Inventor launches ember defence

WHEN bushfire hit Callala Bay last month, Gordon McKeown was able to protect a neighbour’s house through the simple act of turning on a hose.

The inventor of a home protection system called the Ember Defender, Mr McKeown had earlier installed his fire defence system at the house, so all that was left to do when fire broke out nearby was to turn on a tap and let sprinklers soak the roof and any leaves in the gutters.

While the home was protected, a home on the other side lost washing that caught fire when hit by burning embers.

A former plumber and Rural Fire Service volunteer, Mr McKeown developed the system many years ago as “a simple device” to help his elderly mother protect her home at Heathcote.

While the system would not save homes hit by a wall of flames, CSIRO research showed 90 per cent of all homes lost to bushfire were destroyed by embers hitting them.

“That’s where this thing does the job,” Mr McKeown said.

“You can turn it on and walk away, you don’t have to stay there.”

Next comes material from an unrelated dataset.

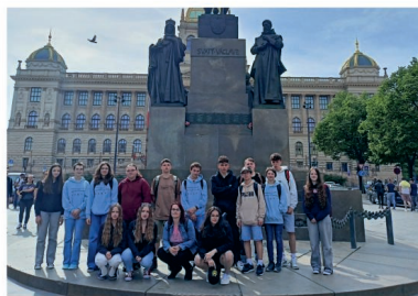
Výlet 9. tř. do Prahy

The invention was featured on the New Inventors television show in 2004, and in August was the subject of a segment on current affairs show Today Tonight.

However while many have praised the invention, getting support to manufacture the Ember Defender has proven more difficult.

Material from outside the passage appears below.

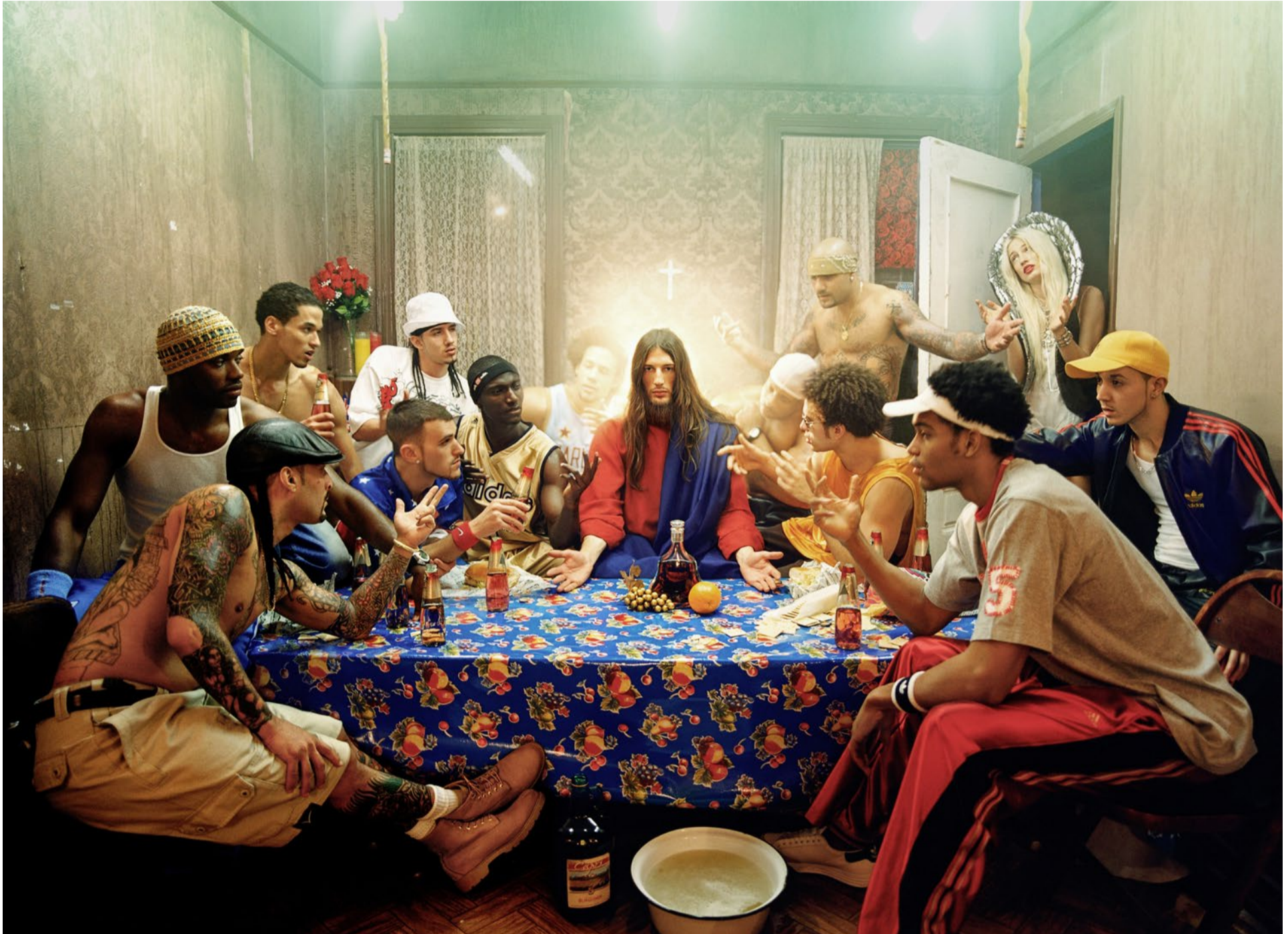
Jesus in der Bildsprache der Popkultur: Das letzte Abendmahl.

Foto: David LaChapelle, Jesus Is My Homeboy: Last Supper , New York, 2003 ©David LaChapelle

While manufacturers have rejected the product, Mr McKeown has continued to see houses destroyed by embers in Canberra, several bushfires in NSW, and during Victoria’s devastating bushfires early last year.

“It’s frustrating when you know you’ve got something that can help, but you can’t get it out there,” the Callala Bay man said.

Now with the help of a nephew, who used to work for Bunnings, Mr McKeown is manufacturing the Ember Defenders himself in China, and has just heard Bunnings will stock his invention as of November.